• [WHAT YOU HAVE TO DO]: Below are some entries. Transcribe the lines from the one holding "Una grande coppa" to the one holding "Chic Green Dial", inclusive, but not the pictures among them.

• [ENTRIES PROVIDED]:
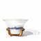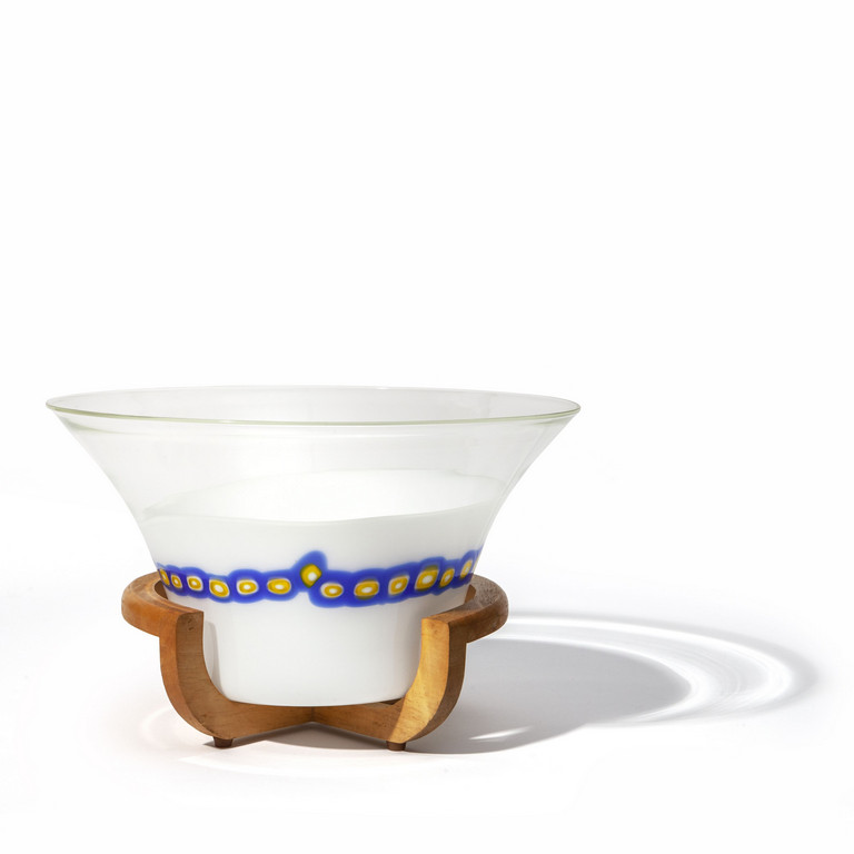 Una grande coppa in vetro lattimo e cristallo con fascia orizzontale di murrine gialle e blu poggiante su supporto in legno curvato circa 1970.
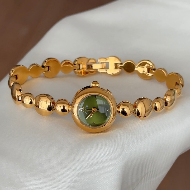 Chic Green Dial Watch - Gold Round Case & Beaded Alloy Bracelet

==

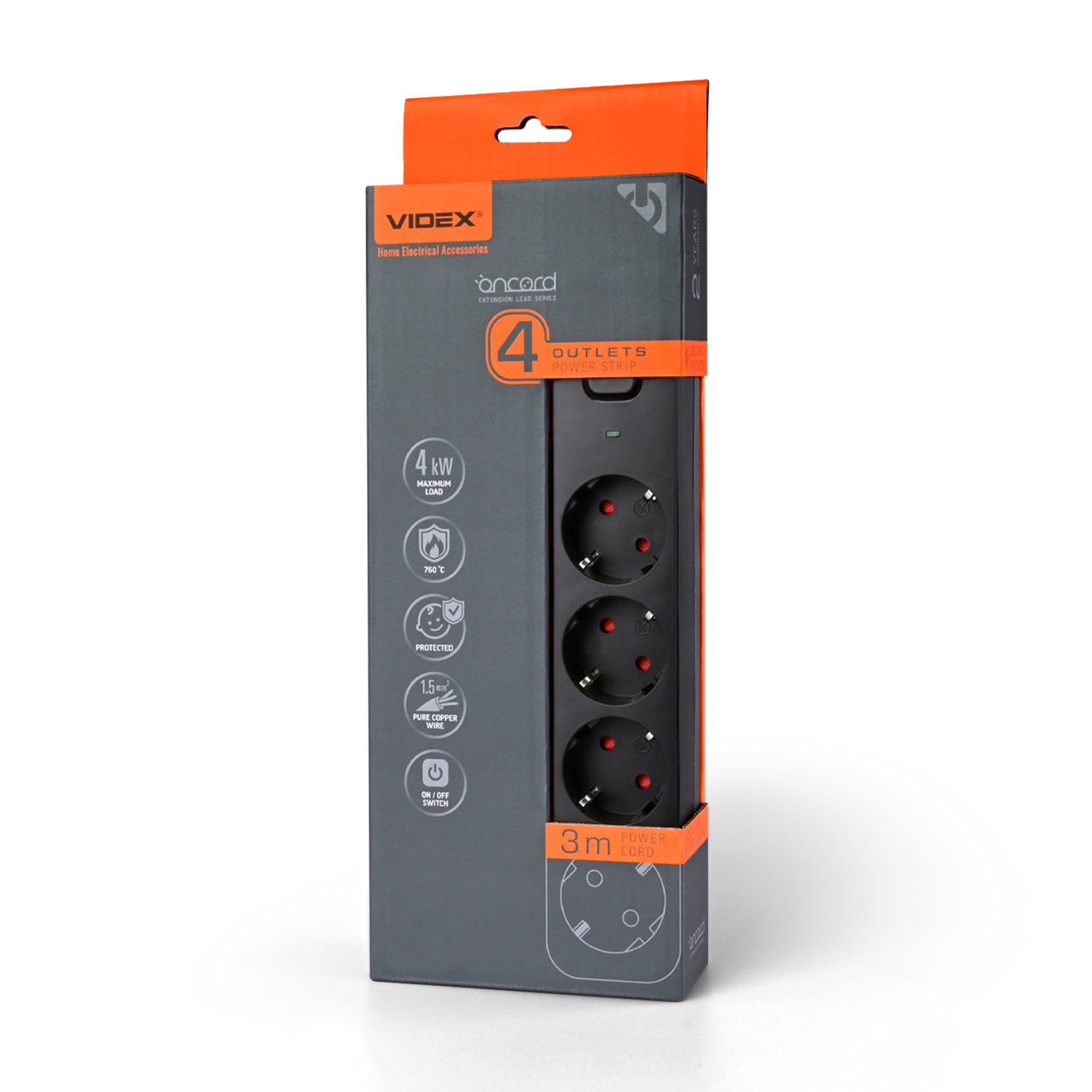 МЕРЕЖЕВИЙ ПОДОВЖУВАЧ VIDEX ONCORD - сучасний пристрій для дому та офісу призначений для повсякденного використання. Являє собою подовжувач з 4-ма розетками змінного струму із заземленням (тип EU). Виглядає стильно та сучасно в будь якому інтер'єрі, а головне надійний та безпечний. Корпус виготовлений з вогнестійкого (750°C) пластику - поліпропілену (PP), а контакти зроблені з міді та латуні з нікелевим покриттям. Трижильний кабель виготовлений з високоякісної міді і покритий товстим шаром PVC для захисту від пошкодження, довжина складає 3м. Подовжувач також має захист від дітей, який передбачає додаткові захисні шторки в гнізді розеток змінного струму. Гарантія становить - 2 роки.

* * *

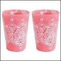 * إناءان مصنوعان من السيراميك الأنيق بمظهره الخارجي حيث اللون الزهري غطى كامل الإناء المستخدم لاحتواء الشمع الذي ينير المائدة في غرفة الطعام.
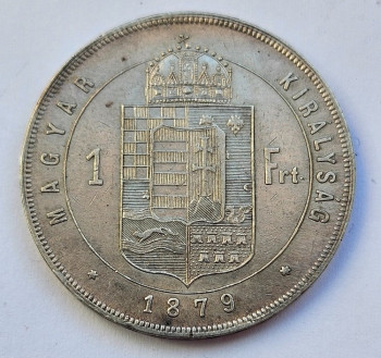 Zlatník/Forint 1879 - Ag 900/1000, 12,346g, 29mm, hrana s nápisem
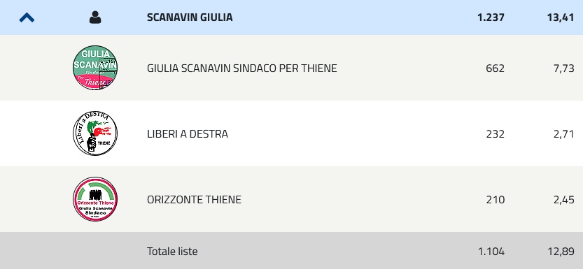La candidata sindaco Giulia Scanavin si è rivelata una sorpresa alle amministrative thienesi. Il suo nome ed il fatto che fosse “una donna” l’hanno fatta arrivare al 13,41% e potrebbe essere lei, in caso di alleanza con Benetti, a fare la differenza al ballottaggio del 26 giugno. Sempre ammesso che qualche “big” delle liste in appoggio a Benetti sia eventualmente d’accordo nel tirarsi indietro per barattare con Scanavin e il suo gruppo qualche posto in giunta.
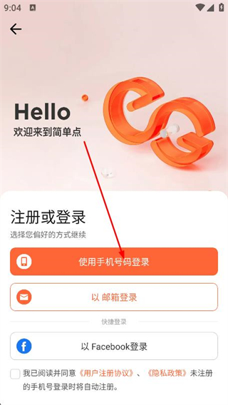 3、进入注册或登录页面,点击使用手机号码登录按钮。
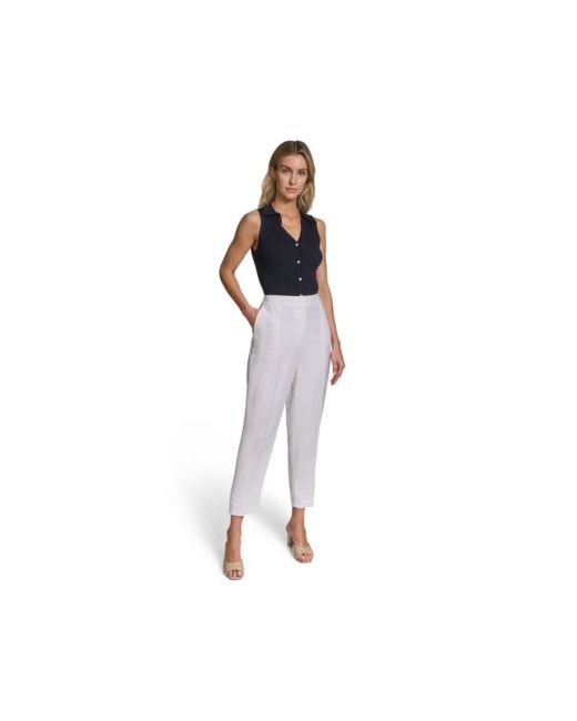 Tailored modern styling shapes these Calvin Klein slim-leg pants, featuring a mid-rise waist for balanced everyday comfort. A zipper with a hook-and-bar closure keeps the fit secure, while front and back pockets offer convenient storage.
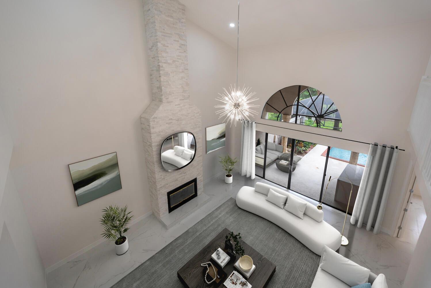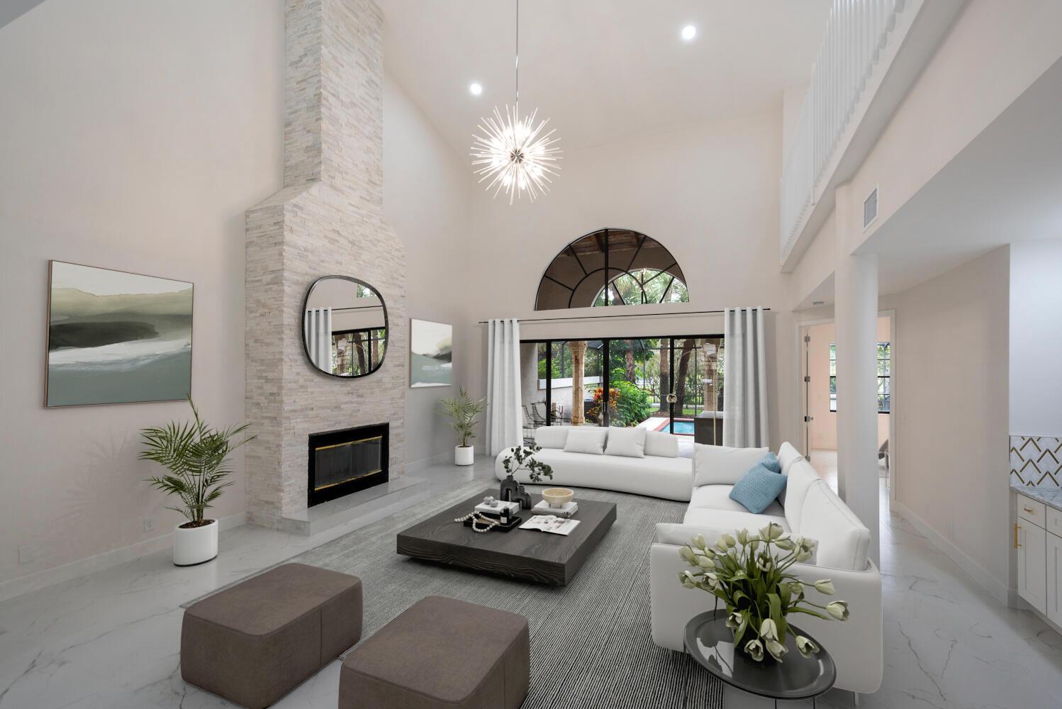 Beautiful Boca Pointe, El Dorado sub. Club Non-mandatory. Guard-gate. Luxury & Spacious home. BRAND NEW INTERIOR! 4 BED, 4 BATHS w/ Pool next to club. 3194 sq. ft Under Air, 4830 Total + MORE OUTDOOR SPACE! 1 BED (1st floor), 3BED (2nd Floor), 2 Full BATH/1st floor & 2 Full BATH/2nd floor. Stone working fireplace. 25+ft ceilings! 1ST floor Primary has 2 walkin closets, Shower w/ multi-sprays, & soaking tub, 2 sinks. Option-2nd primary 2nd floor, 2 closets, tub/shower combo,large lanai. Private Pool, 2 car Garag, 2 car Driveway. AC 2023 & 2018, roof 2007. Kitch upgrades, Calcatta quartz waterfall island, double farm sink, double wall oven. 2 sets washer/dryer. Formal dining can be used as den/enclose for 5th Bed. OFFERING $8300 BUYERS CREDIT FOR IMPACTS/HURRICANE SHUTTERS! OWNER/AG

• [EXPECTED ANSWER]:
 Una grande coppa in vetro lattimo e cristallo con fascia orizzontale di murrine gialle e blu poggiante su supporto in legno curvato circa 1970.
 Chic Green Dial Watch - Gold Round Case & Beaded Alloy Bracelet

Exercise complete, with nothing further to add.